Technical information
- Licensing authority: FCC
- Facility ID: 59530
- Class: A
- ERP: 4,000 watts (analog); 400 watts (digital);
- HAAT: 73 meters (240 ft)
- Transmitter coordinates: 40°10′15.4″N 74°01′40.5″W﻿ / ﻿40.170944°N 74.027917°W
- Translators: 107.9 W300AO (Manahawkin, relays WJRZ-HD2)
- Repeater: 100.1-2 WJRZ-HD2 (Manahawkin)

Links
- Public license information: Public file; LMS;
- Webcast: Listen live
- Website: wrat.com

= WRAT =

Rock radio station in Point Pleasant, New Jersey

WRAT (95.9 FM, "95.9 The Rat") is a commercial radio station licensed to serve Point Pleasant, New Jersey. The station is owned by Beasley Broadcast Group through licensee Beasley Media Group Licenses, LLC. It airs a mainstream rock radio format. The station's studios, offices and transmitter are located on Main Street at 18th Avenue in the Borough of Lake Como, New Jersey.

WRAT has an effective radiated power (ERP) of 4,000 watts analog and 400 watts digital. It broadcasts using HD Radio. The station's programming is simulcast on the HD2 subchannel of sister station WJRZ-FM, which feeds FM translator W300AO in Manahawkin, New Jersey, on 107.9 MHz.

==History==
===WADB===
On October 4, 1968, the station first signed on the air as WADB. It was a beautiful music station, owned by Pleasant Broadcasters, named after the city of license, Point Pleasant, New Jersey. The station played quarter-hour sweeps of instrumental cover versions of popular songs and Broadway showtunes. The studios were on F Street in South Belmar. (The neighborhood is now known as Lake Como.) The station's call sign used the initials of its founder, Adamant Brown and his wife Dorothy.

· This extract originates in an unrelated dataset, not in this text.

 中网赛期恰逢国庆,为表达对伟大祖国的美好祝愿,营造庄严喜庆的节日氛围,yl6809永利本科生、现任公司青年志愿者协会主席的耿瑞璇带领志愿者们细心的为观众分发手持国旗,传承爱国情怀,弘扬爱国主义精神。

WADB made use of early automation equipment for radio stations. Large carousels loaded with broadcast-spec tape cartridges were used for the majority of advertising messages. Large reels of taped music with cues to play the commercials allowed the station to run with minimal involvement from the staff. An SMC digital programmer controlled the operation. The station's easy listening format was broadcast in Southern Monmouth and Northern Ocean Counties.

===WRAT===
A group of investors, known as the New Jersey Broadcast Partners, acquired the station in 1996. After a Labor Day Weekend stunt during which the song "Rat in Mi Kitchen" by UB40 was aired continuously, WADB flipped to an active rock format on Labor Day Monday, 1996. The call sign switched to WRAT. The first song was AC/DC's "For Those About To Rock (We Salute You)".

===Greater Media ownership===
In 2001, the station was acquired by Greater Media, a large national owner with its headquarters in Massachusetts.

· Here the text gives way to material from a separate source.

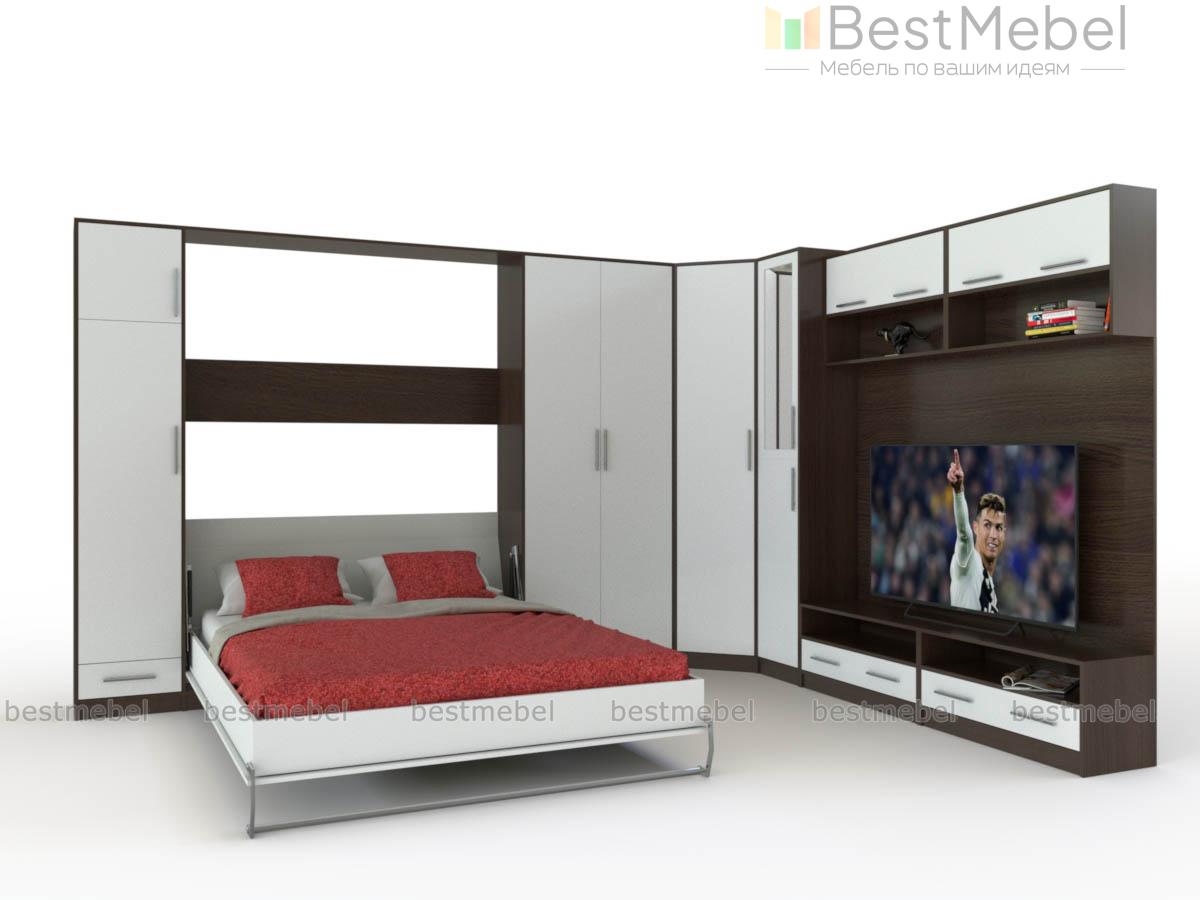 Шкаф-кровать трансформер Флау BMS – это угловая композиция, которая поможет рационально организовать пространство гостиной или студии. Многофункциональная модель объединила все необходимое для комфортного сна, хранения большого количества вещей и оформления зоны ТВ. Значительно сэкономить полезную площадь комнаты поможет откидная кровать, скрытая за белыми фасадами, а визуальную легкость интерьеру придаст цветовое решение – корпус контрастного оттенка и белоснежный фасад. Купить шкаф-кровать трансформер Флау BMS по лучшей цене приглашаем к нам в интернет-магазин.

WRAT was among the first radio stations in the market to carry its radio broadcasts over its internet website. The station started streaming to allow listeners in fringe areas to get the station online.

On March 9, 2014, WRAT extended its coverage to include southern and central Ocean County by adding a 250-watt FM translator at 107.9 FM. W300AO transmits from a 300-foot tower on Beach Avenue in Manahawkin, New Jersey. The 107.9 signal covers Long Beach Island, Tuckerton, Beach Haven, Barnegat and Manahawkin. Its coverage is limited to the west by co-channel 107.9 WPPZ in Pennsauken, New Jersey.

===Beasley ownership===
On July 19, 2016, Beasley Media Group announced it would acquire Greater Media and its 21 stations (including WRAT) for $240 million. It was also at this time WRAT joined the iHeartRadio streaming service.

The Federal Communications Commission approved the sale on October 6, and the sale closed on November 1.